Comment tes « modèles » ont-ils réagi à ce projet ? Les as-tu mis en scène ?
Nous sommes aujourd’hui habitués à des images lissées sur Photoshop, ou produites à l’aide de story-boards, d’acteurs et d’accessoires. Je trouve essentiel de continuer à réaliser des images plus authentiques. Pour ma part, cela se construit toujours dans le respect de mes sujets, d’autant plus qu’il s’agit en quelque sorte de voisins que je pourrais recroiser ! Les gens aiment que l’on s’intéresse à eux, aussi, j’essuie très peu de refus. Enfin, qu’une image soit mise en scène ou spontanée, quelle importance ? La photographie de rue la plus célèbre, Le baiser de l’hôtel de ville de Doisneau était préparée, et pourtant nous préférons l’oublier…
Pour réaliser cette série, tu as arpenté l’espace public. Te considères-tu street photographe ?
Je n’aime pas me définir comme une photographe de rue. Ce terme renvoie pour moi à Google Street View, et je me demande bien ce que nous avons en commun ! Je préfère l’image du flâneur, que Baudelaire définissait comme un « botaniste du trottoir ». Ou bien dire que tout part de la marche, de l’envie d’explorer.
C’est cette envie qui t’a guidée ?
Tout à fait. Je trouve qu’il existe des similitudes entre la photographie et l’exercice de la scène pour les danseurs, les comédiens, les musiciens… La rue devient un théâtre. La manière dont j’occupe l’espace, l’énergie que j’y mets vont déterminer la qualité de mes images. Si je suis de mauvais poil, par exemple, l’expérience m’a montré qu’il vaut mieux ne pas m’acharner et rentrer chez moi…
Mais ce projet m’a également appris à sortir de ma zone de confort, à jouer sur un terrain de jeu inépuisable, à aller vers l’autre. Il m’a apporté une certaine patience. Il faut parfois réagir à la vitesse de l’éclair pour saisir une rencontre d’une fraction de seconde, et à d’autres moments rester toute la journée au même endroit à attendre que les éléments recherchés se mettent en place.
Qu’as-tu cherché à représenter, au cours de cette longue errance ?
J’aime saisir des images qui sont le reflet de nos vies. Nous recherchons tous de l’extraordinaire dans l’ordinaire, de la simplicité dans un environnement complexe. Stephen McLaren déclarait par exemple « une bonne photo de rue doit, à parts égales, titiller, intriguer, révéler, choquer, provoquer et exciter. Elle doit être d’humeur légère, mais dense en émotion, difficile à décrypter, mais facile à apprécier. Mais surtout, elle doit déstabiliser.

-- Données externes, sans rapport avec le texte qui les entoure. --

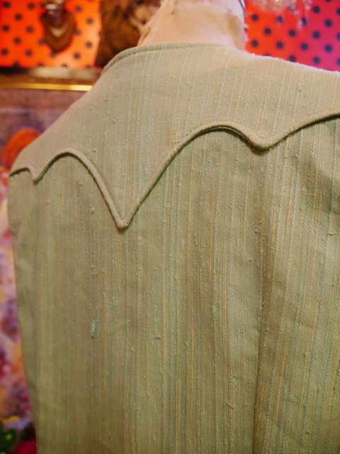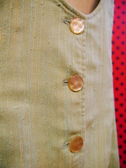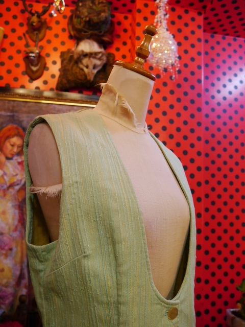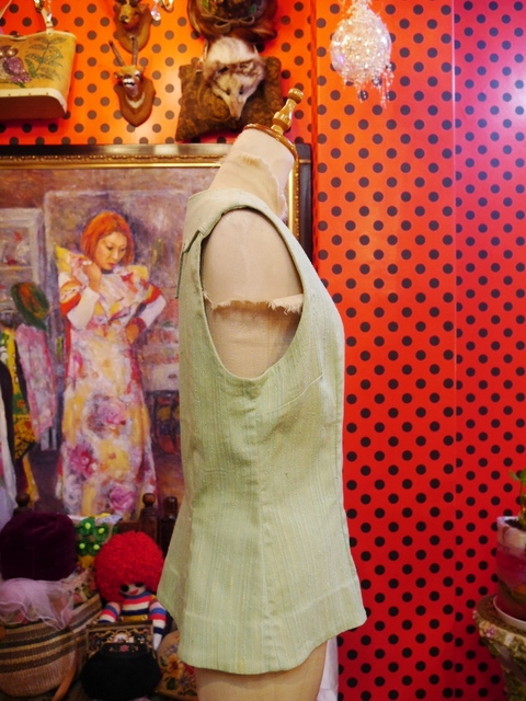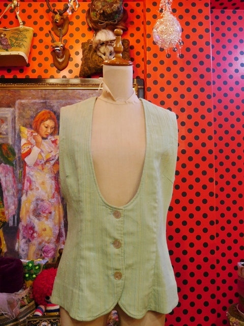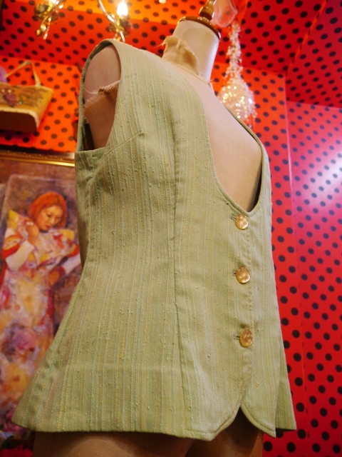 胸元が大きく開いているのでフリルブラウスと合わせるとお洒落な1960~70年代頃のヨーロピアンヴィンテージベスト ドロップのようなレトロボタンが小さなお洒落ポイント!

La vie ne se laisse pas facilement interpréter, les photos qui la représentent non plus ».
Avec cette série, j’illustre également la nécessité de se rendre disponible, de ralentir dans une ville qui va à toute allure. Ce n’est qu’en prenant ce recul que l’on aperçoit enfin certains détails. Enfin, il me semblait important de montrer qu’une femme peut « zoner » sans danger dans Paris.
Un petit mot quant à Dear District, ce projet annexe qui accompagne Bus 60 ?
L’année dernière, j’ai complété Bus 60 avec une série de cartes postales réalisées à la main et racontant la vie urbaine autour de ce même territoire. Une série d’illustrations de données, collectées sous des formes variées : dessin, infographie, cartographie etc. Dear district est la petite sœur du Bus 60, elle dépasse les limites du médium photographique pour offrir une compréhension plus vaste de ce territoire. J’y aborde de nouveaux thèmes, comme la notion de sécurité, l’exode urbain, ou encore le hip-hop et rap français.